Module ukat.qa.snr

Classes

class Isnr (pixel_array, affine, noise_mask=None, n_clusters=3)

Attributes

isnr : float
Image signal to noise ratio.
isnr_map : np.ndarray
A map of the image signal to noise ratio.
noise_mask : np.ndarray
Mask of the ROI used to measure noise levels. Should be voxels outside the body.
clusters : np.ndarray
The labels assigned to each voxel during automatic background segmentation. This can be useful for debugging.

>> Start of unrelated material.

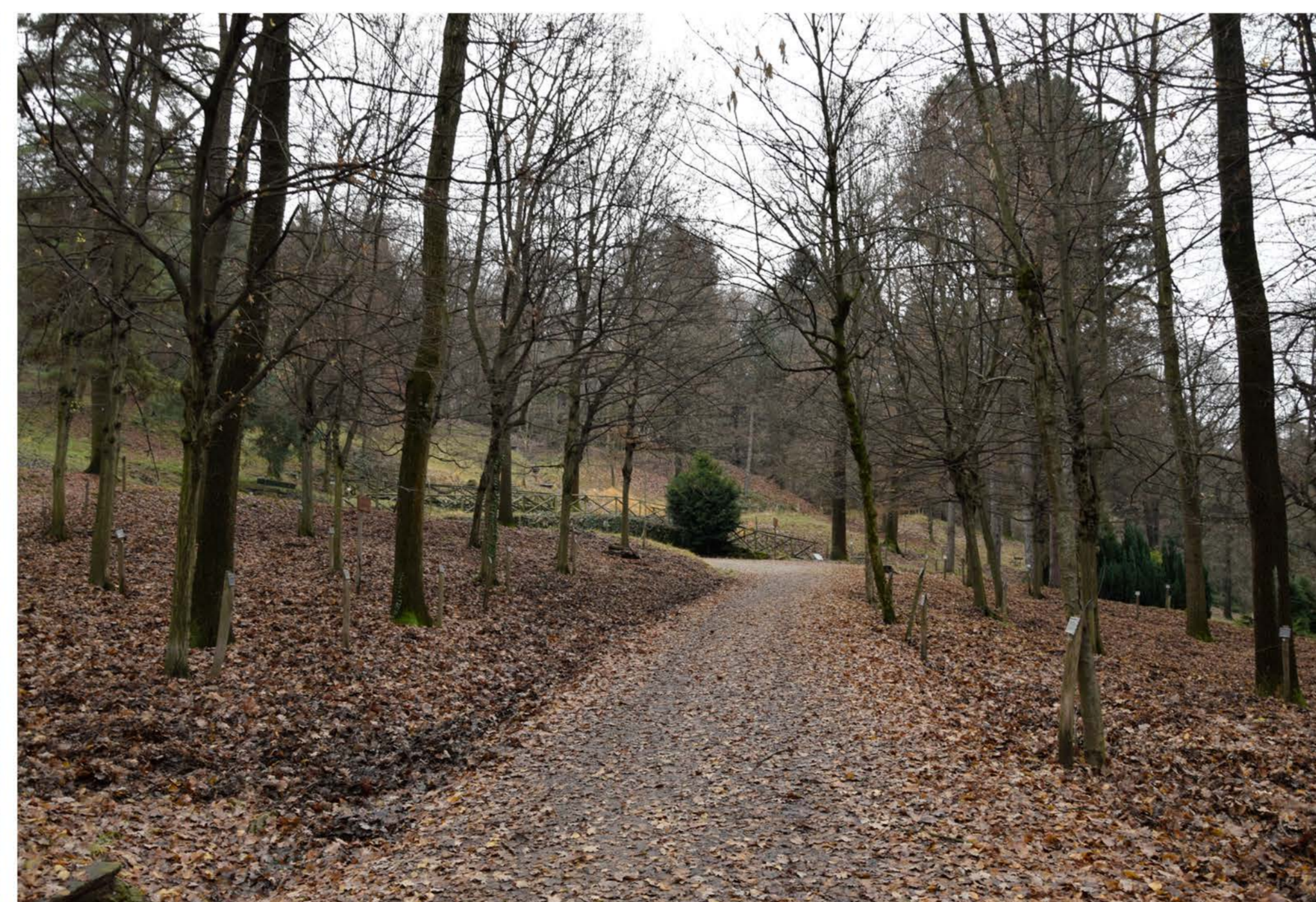
2- Viale Piave 2° tratto. Punto mediano
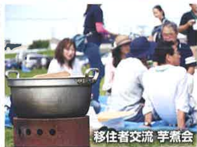
移住者交流 芋煮会

Initialise an image signal to noise ratio (iSNR) class instance. Parameters


pixel_array : np.ndarray
Array of voxels over which iSNR should be calculated.
affine : np.ndarray
A matrix giving the relationship between voxel coordinates and world coordinates.
noise_mask : np.ndarray, optional
A binary voxel mask where voxels representing background i.e. outside the body, are True. If no mask is supplied, one is estimated using a Bayesian Gaussian mixture model to segment background voxels.
n_clusters : int, optional
When using the automatic background segmentation this is the total number of componenets the image is segmented into. The component with the lowest mean is assumed to be background. Default 3.
Expand source code
class Isnr:
    """
        Attributes
        ----------
        isnr : float
            Image signal to noise ratio.
        isnr_map : np.ndarray
            A map of the image signal to noise ratio.
        noise_mask : np.ndarray
            Mask of the ROI used to measure noise levels. Should be voxels
            outside the body.
        clusters : np.ndarray
            The labels assigned to each voxel during automatic background
            segmentation. This can be useful for debugging.
        """

    def __init__(self, pixel_array, affine, noise_mask=None, n_clusters=3):
        """Initialise an image signal to noise ratio (iSNR) class instance.
        Parameters
        ----------
        pixel_array : np.ndarray
            Array of voxels over which iSNR should be calculated.
        affine : np.ndarray
            A matrix giving the relationship between voxel coordinates and
            world coordinates.
        noise_mask : np.ndarray, optional
            A binary voxel mask where voxels representing background i.e.
            outside the body, are True. If no mask is supplied, one is
            estimated using a Bayesian Gaussian mixture model to segment
            background voxels.
        n_clusters : int, optional
            When using the automatic background segmentation this is the
            total number of componenets the image is segmented into. The
            component with the lowest mean is assumed to be background.
            Default 3.
        """
        self.pixel_array = pixel_array
        self.affine = affine
        self.n_clusters = n_clusters
        self.shape = pixel_array.shape
        self.dimensions = len(pixel_array.shape)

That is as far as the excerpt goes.